Wednesday, September 30, 2009

Day 89

It is hard to update the blog when I get to spend so little time with my Sweet Nicole. Today she was so tired when I was there. It was hard to have a good visit with her. She was trying so hard to stay awake. Christian came to visit her today. Nicole was so glad to see him and I think he was glad to see her.

It is hard for me to gage how she is through out the day when I am not there. All I get now is a snippet of what happens.

The nurse told me when I came in today the PT went well. She walked further today which I was very happy about. Wound care went well too. They are giving her a phentynal (Rx) lollipop to help her with her pain. It seems to be working better than a shot. Her back is showing improvement which I am so happy about. Maybe if we can get her legs covered and her left arm we can get out of this place.

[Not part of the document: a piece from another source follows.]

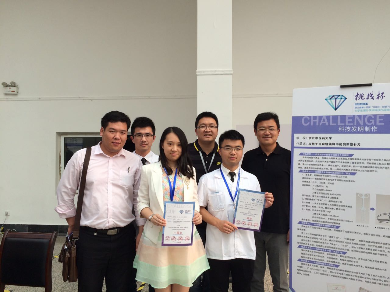 5月22日-24日,浙江省第十四届“挑战杯”大学生课外学术科技作品竞赛在杭州电子科技大学举行。今年,全省约有2万多名学生报名参加“挑战杯”大学生课外学术科技作品竞赛。经过各校级预赛选拔,全省共有63所高校申报了1009件作品参加省级复赛,内容涉及自然科学、哲学社会科学、科技发明制作三大类别,涵盖了机械控制、能源化工、信息技术、生命科学、经济、法律、哲学、社会、教育、管理、数理等11个专业方向。经过复赛评审,来自省内37所高校的225件作品入围此次决赛。我院2012级中医学七年制专业张维新团队以及2014级中西医结合临床专业徐超团队分别领衔两项学术科技作品项目闯入决赛。

I pray for fast healing on Nicole's behalf so we don't have to endure any more separation. My heart is being ripped out as I imagine hers is too. I wish I knew what to do. I wish I knew where to turn. The only thing I can do right now is pray that we will be led to the right person to help us through all this. If this goes on much longer I might have a nervous breakdown.

2 comments:

Anonymous said...

I don't know why God has given you this rocky path to walk. Only He knows that. But one thing is certain. He is walking it with you. And when you can't walk, He will carry you. You won't have a nervous breakdown. He won't let you. Because you trust in Him. Just keep your eyes on Him and keep walking and one day, you will see that the path has ended and you're on a smooth highway.
Love you lots.
GG

Angi said...

Thanks GG. That is what I needed to hear. I do know God is with me although it is tough, I am tougher. I think that God knows that and that is why I walk this path. Love you too.